Когда 15 октября каждого года мы отмечаем дату покорения Казани, рыдаем и клянем русских, думаю, в первую очередь надо бы принести и покаяние. За что? Да за то, что татарский народ вырастил таких предателей, как хан Шигали, бравший Казань вместе с Иваном Грозным. Так вот этот вирус – вирус равнодушия, злобы, нестерпимой зависти к своему ближнему, единокровному брату, вирус самопредательства – существует в нас до сих пор. Собственно, эта внутренняя ржа и была главной причиной поражения татар в 1552 году. А возьмите трагическую судьбу Тукая. Везде пишут, что он умер от туберкулеза, но от туберкулеза ли? Своей ли смертью он умер? Откуда тогда эти пронзительные строки: «Неужели я ими на вечную тьму обречен?» или «Умереть не дадут, а умру – в тот же день прибегут гроб ногами пинать…» Это какую внутреннюю боль надо испытывать, чтобы в 25-27 лет писать так о людях, которые его окружают. Или возьмем того же Хади Такташа, который ушел из жизни неожиданно, на взлете, когда ему было чуть больше тридцати. Убежден: люди умирают не от болезни. Болезнь – лишь толчок, приговор. А приговаривает художника к смерти общество.

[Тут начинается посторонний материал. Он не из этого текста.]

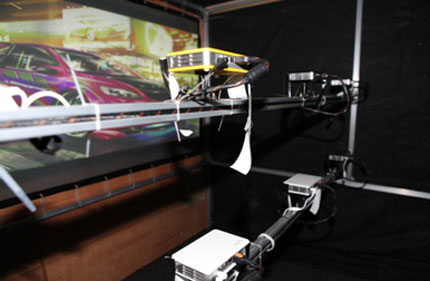 Q5進(jìn)行無縫拼接,通過背投的方式演繹了3K高分辨率畫質(zhì)的高清投影展示。由于分辨率達(dá)到了3K,并且QUMI

Но вернемся к началу нашего разговора.
Да, потенциально татарский народ способен конкурировать с ведущими нациями мира, но не может этого делать, потому что его творцы –всегда одиночки. Их стараются сбить на взлете. За нами никого нет. За спиной не стоит народ, не стоит власть. Скажем, сейчас вкладываются огромные деньги в спортсменов. В прошлом году, помню, выскочили на свет ошеломляющие цифры: годовое содержание вратаря команды «Ак барс» равно 300 тысячам долларов. А какое годовое содержание у писателей? 6-10 тысяч рублей. Стоит ли удивляться после этого, что культура татарского народа недостаточно «громко» звучит.
В 1979 году в Москве вышла книга главного редактора журнала «Театральная жизнь» Юрия Зубкова, в которой среди девяти драматургов России подробно анализировалось и мое творчество. Зубков писал обо мне как о самом перспективном драматурге России. А я горько смеялся, читая эти строки: какая перспектива, если в Казани один за другим уничтожаются мои спектакли?
Когда в 1986 году страна отмечала 80-летие Мусы Джалиля, Казань отметила эту дату сожжением во дворе качаловского театра декораций моего спектакля о Джалиле «День Икс». У меня тогда появилось такое физическое отвращение к театру, к самому понятию «театр», что я просто навсегда ушел оттуда. Вы полагаете, кто-то огорчился тем фактом, что «самый перспективный» драматург перестал почему-то писать пьесы? Нет. Мои коллеги, я думаю, только обрадовались.
– Вот вы вспомнили сейчас День памяти 15 октября. Если десять лет назад эта скорбная дата для большинства казанцев проходила почти незаметно, то последние два года к башне Сююмбикэ стекается все больше и больше народа. А в этом году люди, причем даже молодые, плакали. Быть может, чем дальше время уносит нас от 1552 года, тем обостреннее мы чувствуем эту трагедию?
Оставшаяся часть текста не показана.